Chinese Investors Are Expected To Spend $1 Trillion In The Next Decade

Chinese investors are expected to spend $1 trillion in the real state market in the next decade, according to a report.

Chinese homebuyers are more interested in Toronto and Montreal than Vancouver, as stated in a report from Juwai, China’s largest real estate portal. The company predicts that Chinese investors will spend up to $1 trillion or C$1.27 trillion into real estate markets worldwide over the next decade, and most of that is likely to be spent in Canada.

Canada is the fourth-largest location behind U.S., Australia and Hong Kong for Chinese real estate investors.

In Toronto and Montreal, these two cities have the largest number of property searches in 2017, with Toronto being first then Montreal. Vancouver however came in third place.

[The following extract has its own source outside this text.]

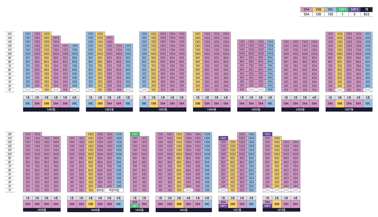 - 59A타입 : 특별공급 554세대, 일반공급 86세대

Vancouver came in third because of the introduction of the 15 per cent foreign buyer’s tax in Greater Vancouver last year. This led to almost half of the cash flowing through Vancouver’s market to disappear. In April Ontario followed in their footsteps, after introducing a resembling tax in greater Toronto and areas around it. This would lead to potentially more interest on Montreal, which is the largest metro area without a foreign buyer’s tax.

During the first four months of 2017, Montreal witnessed a 37 per cent increase in home purchased by foreigners. Although the foreign buyers were just 1.8 per cent of all home purchased. Juwai estimated that “lower-but still significant-investment flows” into Toronto and Vancouver this year. This was stated in a recent report by Juwai.

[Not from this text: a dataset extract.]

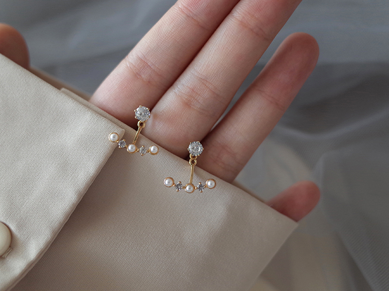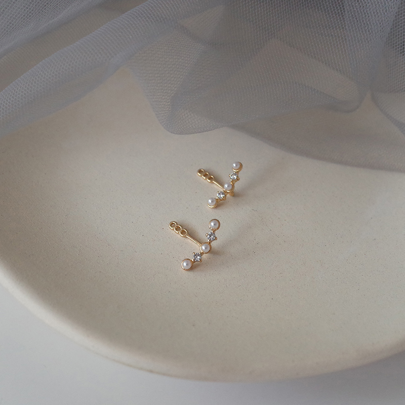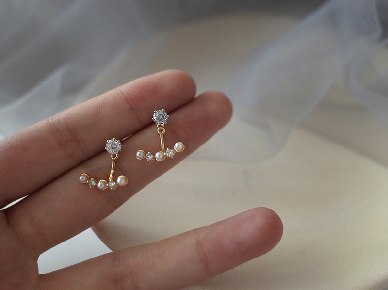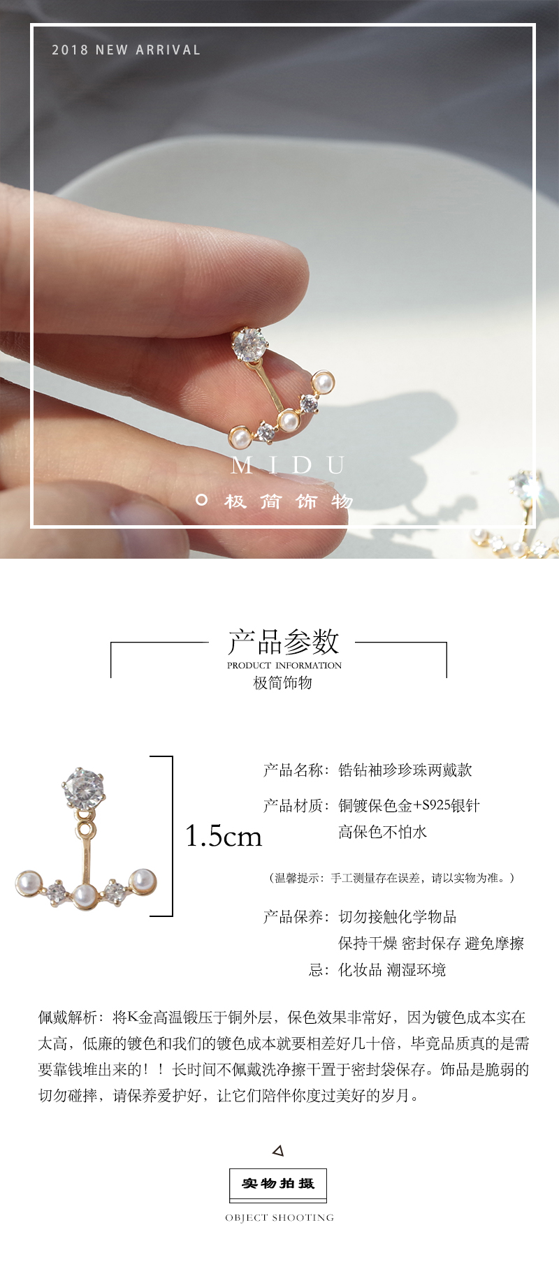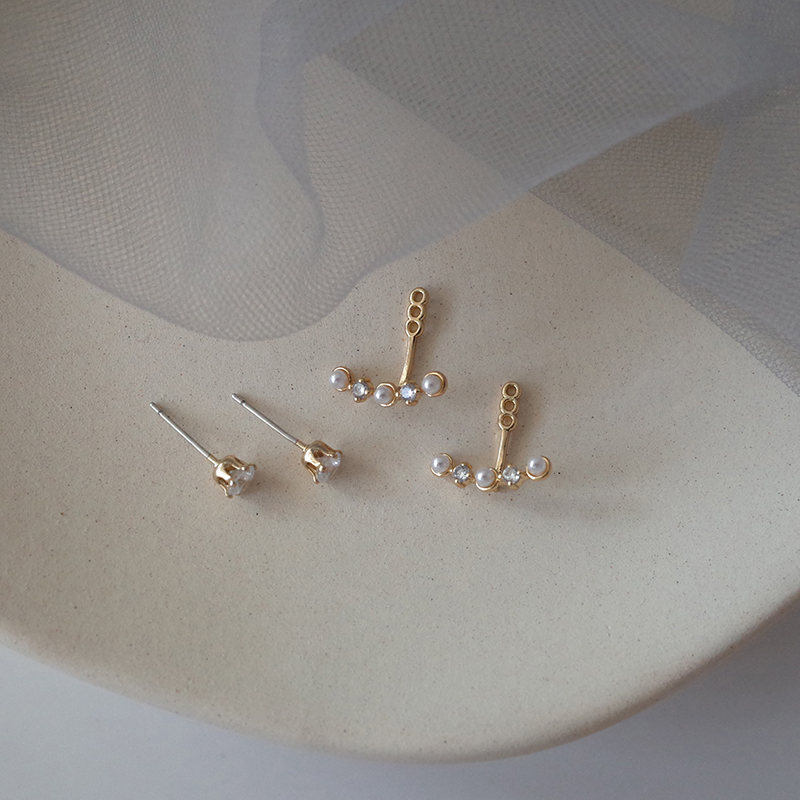 【迷度】S925銀針超閃鋯鉆耳釘mini珍珠耳飾 一款兩戴耳環 精致1入

The report also shows that amount of money these Chinese investors put into real estate worldwide is over $100 billion (C$127 Billion) for the first time in 2016. It rose by more than 25 per cent from 2015.

Just after China began granting citizens to leave the country with large amounts of money, Chinese investment in foreign real estate has been booming since 2010. Juwai’s chief of operations Sue Jong, said the amount invested in Vancouver has spiked by 845 per cent in the last five years.

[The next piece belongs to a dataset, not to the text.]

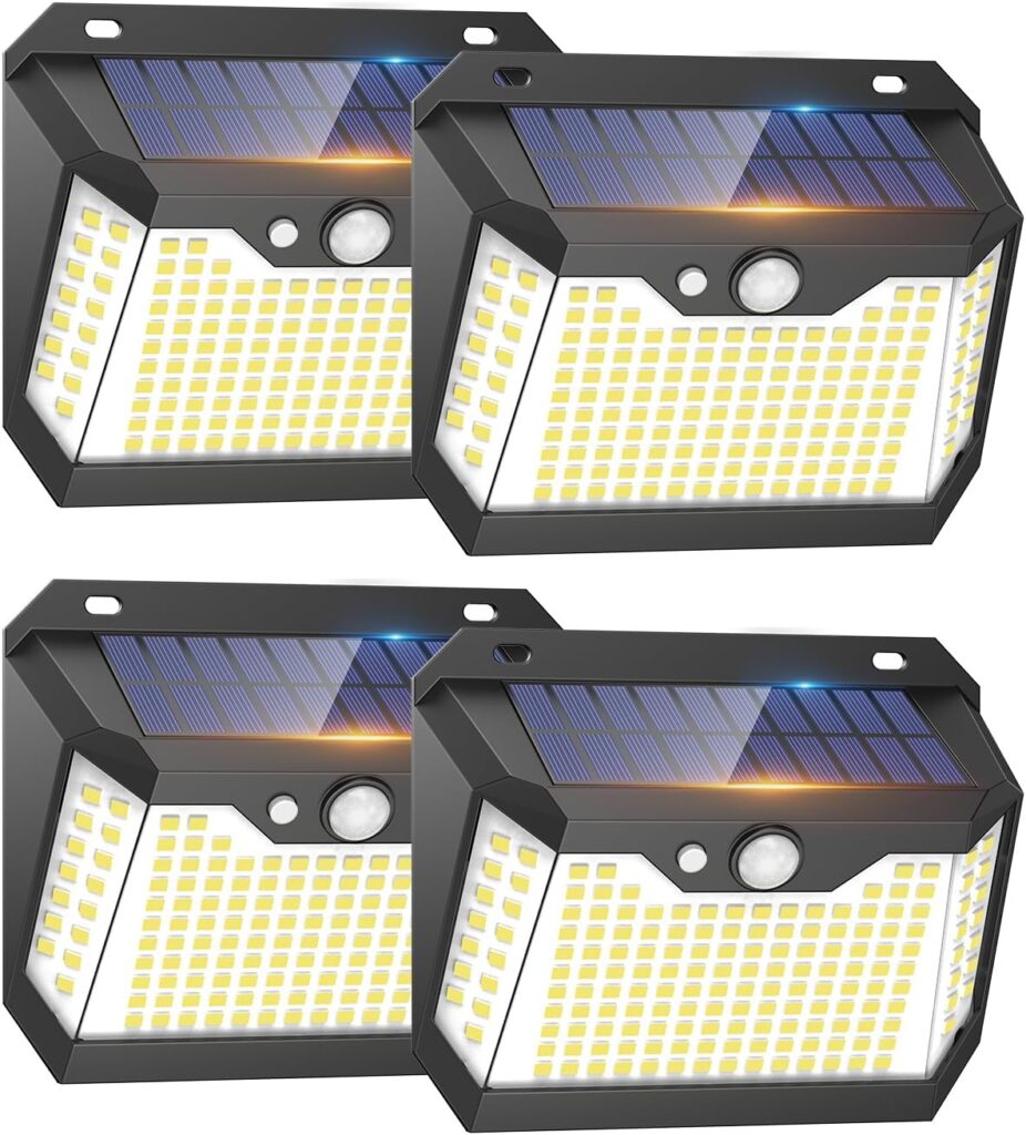 Pacote de 4 luzes solares LED exterior Auto ON&OFF, 3 modos luz

“Our forecast suggests 2017 will also be one of the top three years on record,” she stated.

However this may be the first in years that the Chinese investment abroad does not set a new all time record, mainly because of the Chinese government suppression on cash outflows from China.

She also told the International Business Times “We forecast that Chinese investors will acquire more than $2 trillion (C$2.55 trillion) of overseas assets in coming decade or so as they close the under-investment gap.” They estimated that almost half would go into real estate.

According to the Juwai report, “Chinese investors are still underinvested globally. Almost as a rule – and certainly in Australia, U.S., U.K. and Canada- investors from other nations hold a much greater share of local property and other assets than do those from mainland China.”